Белка, красивый пушистый зверек, столь оживляющий своим непоседливым бойким нравом пустынное безмолвие северных угрюмых лесов, то и дело упоминается в старинных русских сказках. Перепрыгивает она с ветки на ветку, поет-распевает, по словам сказочников, веселые беличьи песенки, а сама — знай грызет орехи: не простые орехи, скорлупа у них из чистого золота, а зерна-ядрышки — жемчужные. Если случайно забежит из лесу в деревню белка, быть для всей деревни худу — гласит седое народное слово. Оно же, это умудренное многовековым опытом слово, сохранило до наших дней поверье о том, что, если волки воют по залесью да белки скачут по опушкам, — надо ждать либо морового поветрия, либо войны. «Вертлява, а не бес!» — загадывается про белку.
Из других представителей звериного царства упоминается в сказаниях русского народа об олене. Воображению славянина-северянина, жившего обок с нерусью-оленеводами, каждое грозовое облако представлялось оленем, везущим по небесному морю-океану колесницу Перуна-громовника. С Ильина дня, по наблюдениям деревенских погодоведов, холодеет в реках и озерах вода. Народ перестает с этой поры купаться, говоря, что грех и ни к чему доброму не поведет купанье после того, как «олень омочит свой хвост». С этим поверьем имеют немало общего германские предания о «солнечных оленях». Среди русских свадебных песен попадаются и такие, в которых речь идет об олене с золотыми рогами. «Не разливайся, мой тихий Дунай!» — поется в одной из них, записанной в Московской губернии: «Не заливай зеленые луга; в тех ли лугах ходит оленюшка, ходит олень — золотые рога. Мимо ехал свет Иван-господин: — Я тебя, оленюшка, застрелю, золотые роженьки изломлю! — Не убивай меня, свет Иван-господин! В некое время я тебе пригожусь: будешь жениться — на свадьбу приду, золотым рогом весь двор освещу!» («… в терем взойду, всех гостей взвеселю!» — добавляется к этому в тождественном во всем остальном саратовском разнопеве).
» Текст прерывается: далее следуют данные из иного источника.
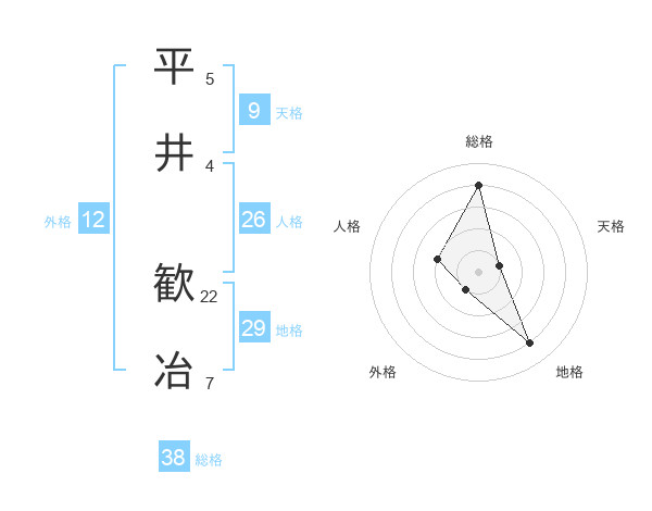平井 歓冶さんの総格は38画の4点!

Старинные сказки, родственные по содержанию у всех народов, ведут, между прочим, речь и про баснословную «птицу-льва» («гриф-птица»), представляющуюся воображению сказочников наполовину птицей (голова и крылья орлиные), наполовину зверем (туловище и ноги льва). Перья у этого птице-зверя заострены, как стрелы; когти и клюв у него — железные. Величиною он — с гору. Сказочные добры молодцы, отправляясь в тридесятое царство, в тридесятое государство за невестами, приходят к синему морю — нет переправы через необозримую водную пустыню… Велят они рыбакам зашить себя в лошадиную шкуру и положить на берегу. Прилетает ночью гриф, схватывает шкуру и переносит в ней добра молодца за море, разрывает тогда он булатным мечом свою оболочку и выходит на белый свет, пугая неожиданностью чудовищного перевозчика, только что собиравшегося было позавтракать принесенной добычею. Птицы летают так быстро, как ветер, — а есть и быстрее его, — говорит народ. Болести лихие-повальные напускаются по ветру, оттого и слывут «поветриями». И самая смерть представлялась иногда суеверному воображению имеющею птичий лик. Чуме придал народ вид утки со змеиными головою и хвостом; холера в некоторых захолустных уголках олицетворяется огромною черной птицею, пролетающей над деревнями-селами по ночам и задевающею железными крыльями воду. «Птицей-Юстрицею» величает смерть старинная загадка о ней.
«На море на окияне,
На острове Буяне
Сидит птица-Юстрица.
Она хвалится-выхваляется,
Что все видала,
Всего много едала:
И царя в Москве,
Короля в Литве,
Старца в келье,
Дитя в колыбели…»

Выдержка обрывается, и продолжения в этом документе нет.